▶ _WHAT THIS TASK INVOLVES_:
Return the data word for word. Pictures are to be omitted.

=== INFORMATION SHOWN ===

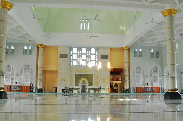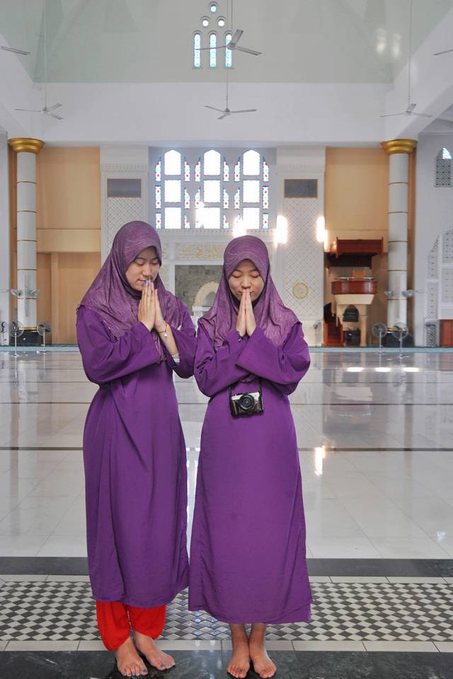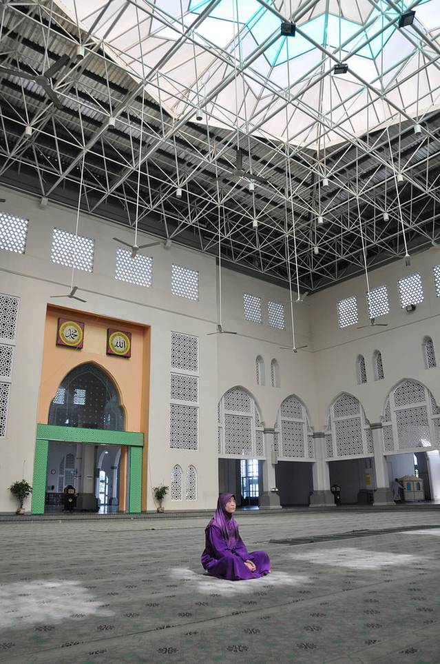 外面转了一圈,又花6马币租了两身衣服入内参观~其实租衣服的初衷是为了配合建筑来凹造型的,可是,想好看就要有代价,三十几度的天,裹着袍子和头巾,热疯了我。。。清真寺内部装修相当简单,不像欧洲的教堂那样有壁画有浮雕有炫目的彩色玻璃,属于清淡style~
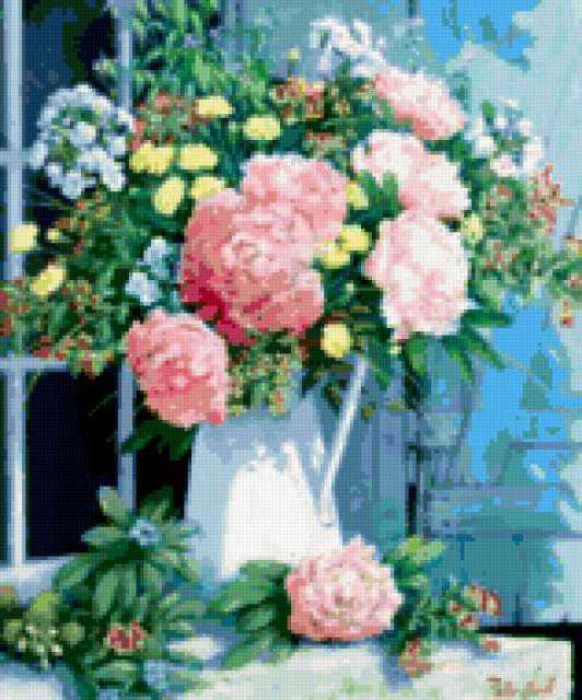 Ориентировочно так, схема вышивки «&5898», созданная автором Axlamonka, будет выглядеть при отшиве на канве. Размер данной вышивки равен 158x190 крестов, при этом используется 82 цветов. Ключевые слова, по которым можно найти эту схему: цветы, натюрморт, пионы. Также, вы можете взглянуть на оригинальную картинку, соответствующую данной схеме вышивки.
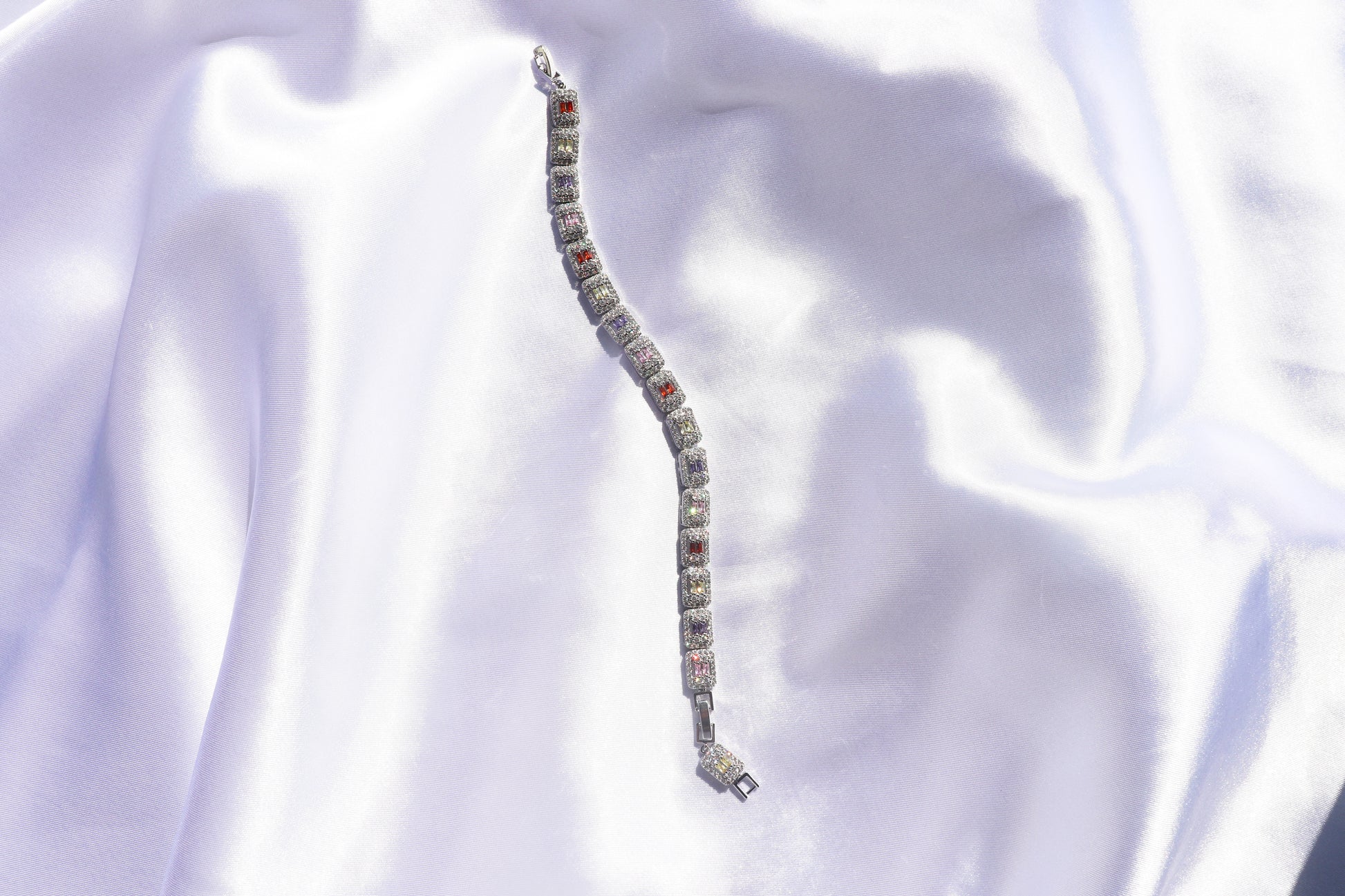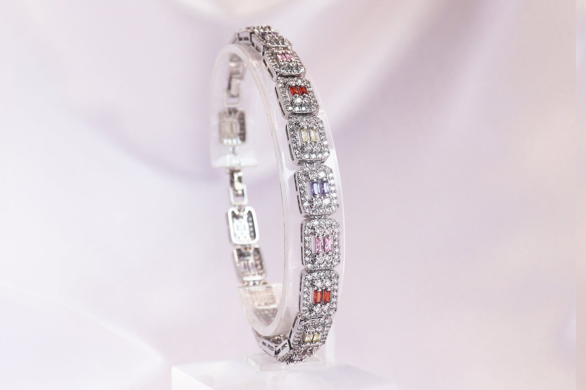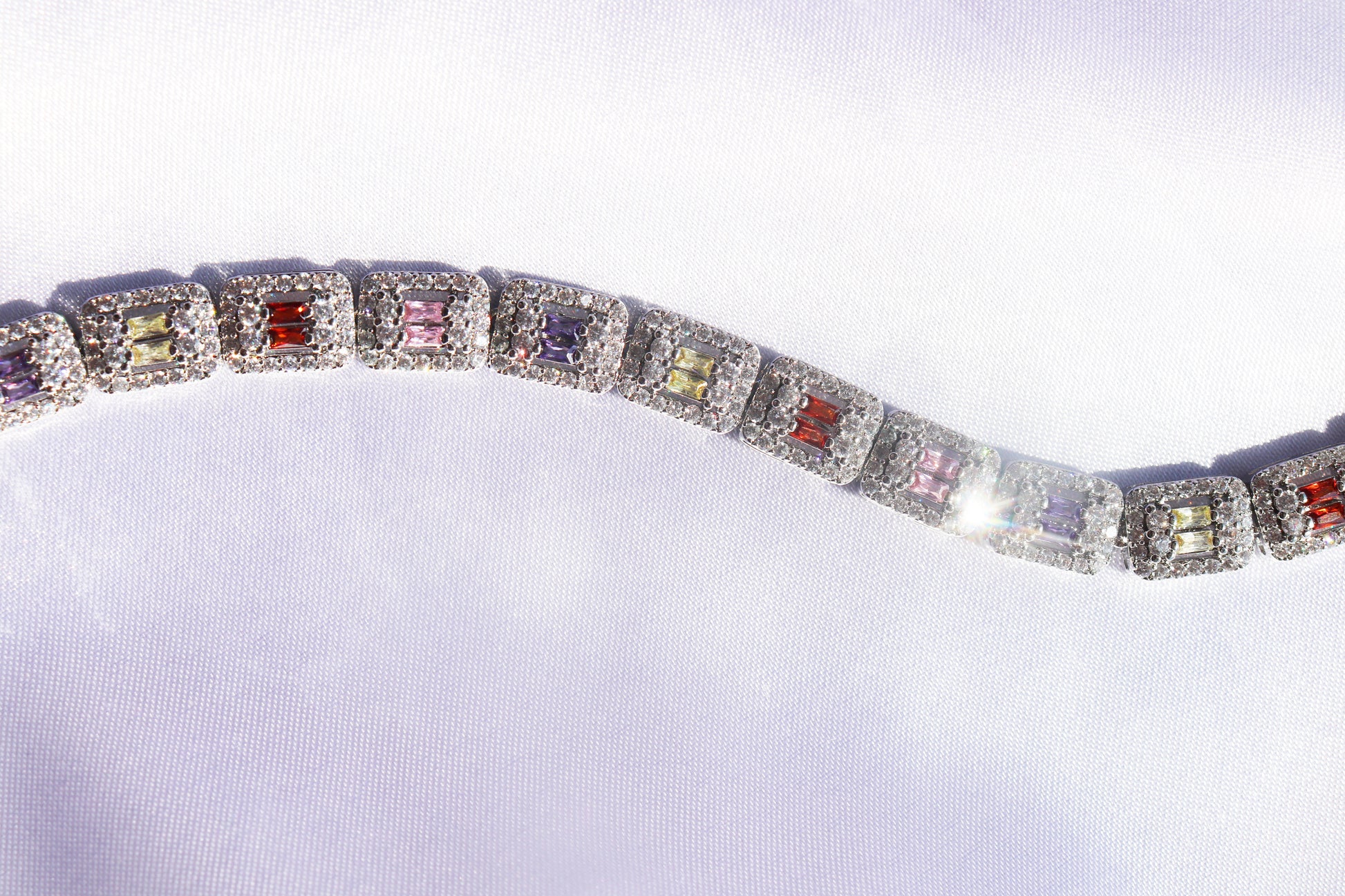 🌟 Elevate your style with our stunning multicolor tennis bracelet, a dazzling testament to vibrant elegance. Whether you're adding a pop of color to your everyday attire or seeking the perfect accessory for a special occasion, this bracelet effortlessly combines sophistication and playfulness.

===

▶ _OUTPUT FOR THIS TASK_:
 外面转了一圈,又花6马币租了两身衣服入内参观~其实租衣服的初衷是为了配合建筑来凹造型的,可是,想好看就要有代价,三十几度的天,裹着袍子和头巾,热疯了我。。。清真寺内部装修相当简单,不像欧洲的教堂那样有壁画有浮雕有炫目的彩色玻璃,属于清淡style~
 Ориентировочно так, схема вышивки «&5898», созданная автором Axlamonka, будет выглядеть при отшиве на канве. Размер данной вышивки равен 158x190 крестов, при этом используется 82 цветов. Ключевые слова, по которым можно найти эту схему: цветы, натюрморт, пионы. Также, вы можете взглянуть на оригинальную картинку, соответствующую данной схеме вышивки.
 🌟 Elevate your style with our stunning multicolor tennis bracelet, a dazzling testament to vibrant elegance. Whether you're adding a pop of color to your everyday attire or seeking the perfect accessory for a special occasion, this bracelet effortlessly combines sophistication and playfulness.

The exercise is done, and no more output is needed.